Lectures on Enumerative Combinatorics

Undergraduate course, MATH 3952, Columbia University, 2023

I gave a couple of lectures on q-analogs in enumerative combinatorics. The first two are from a course I took in spring 2023. The last one was from a directed reading in fall 2022.

Introduction to q-analogs

[Notes] q-analogs generalize combinatorial objects into functions of a formal variable q (and recover the original concept when we send q to 1). We prove that the q-analog for n! provides us with the generating function for inversions, and we explore basic results regarding the q-binomial coefficient. With time permitting, we discuss where q-analogs come up in the study of symmetric functions

Using q-hypergeometric series to prove Euler’s Pentagonal Number Theorem

[Notes] Euler’s pentagonal number theorem establishes a beautiful picture of the partition generating function. q-hypergeometric series are a hammer of modern enumerative combinatorics which makes the proof of this theorem quite easy.

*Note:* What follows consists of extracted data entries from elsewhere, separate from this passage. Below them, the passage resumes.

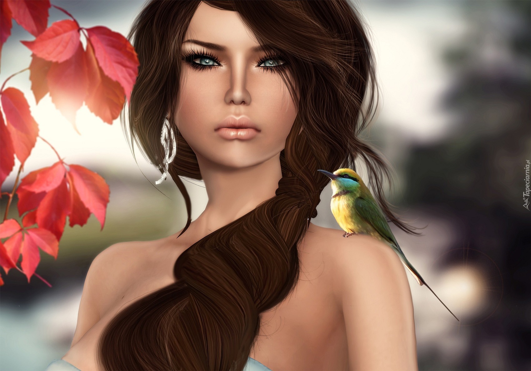 Edytor tapety: Dziewczyna, Brunetka, Żołna, Grafika, Art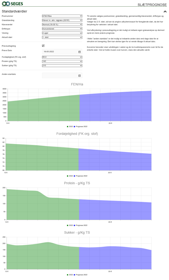 Analyseresultaterne fra den 16. maj har jeg indtastet i slætgræsprognosen. Resultatet ses i figur 1 nedenfor.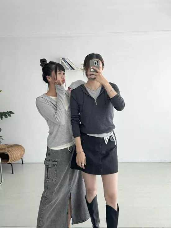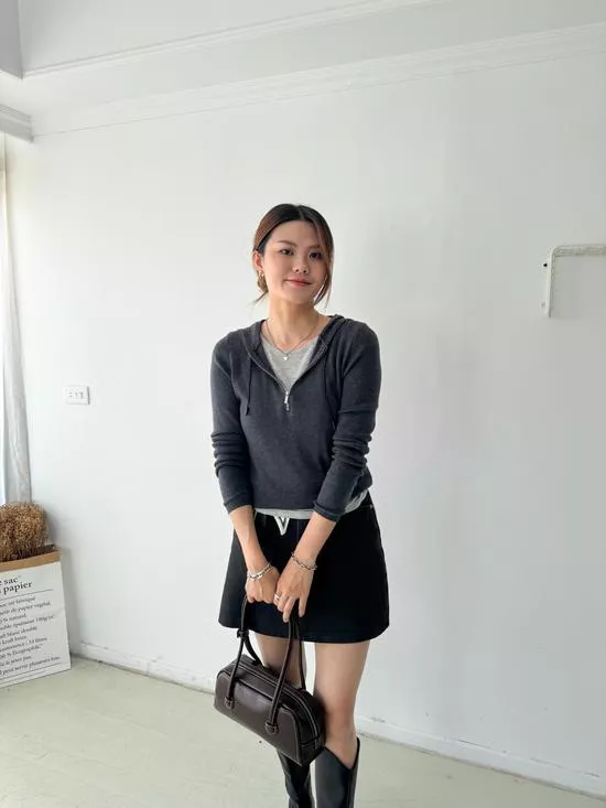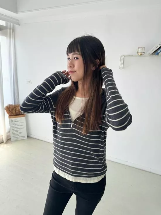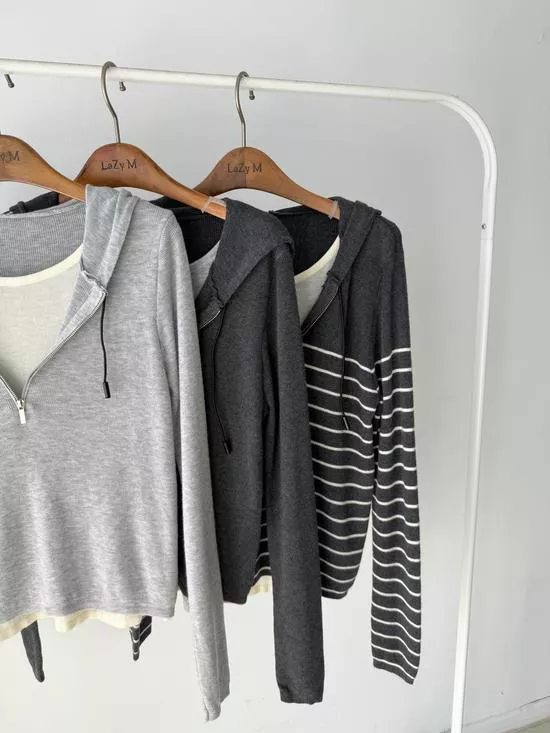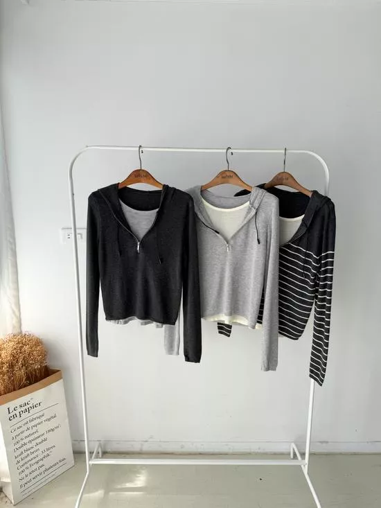 假兩件連帽針織衫

Statistical Mechanics Helps Us Count Alternating Sign Matrices

[Notes] The enumeration of alternating sign matrices (ASMs) presents a profound, deceptively simple combinatorial problem, with wide-ranging connections across mathematics. These objects have a particularly interesting correspondence with statistical mechanics and, in particular, a lattice model called “square ice.” In this presentation, we motivate the study of ASMs and sketch Greg Kuperberg’s 1995 proof of the ASM Conjecture, which uses prominent tools of statistical mechanics such as the Yang-Baxter Equation.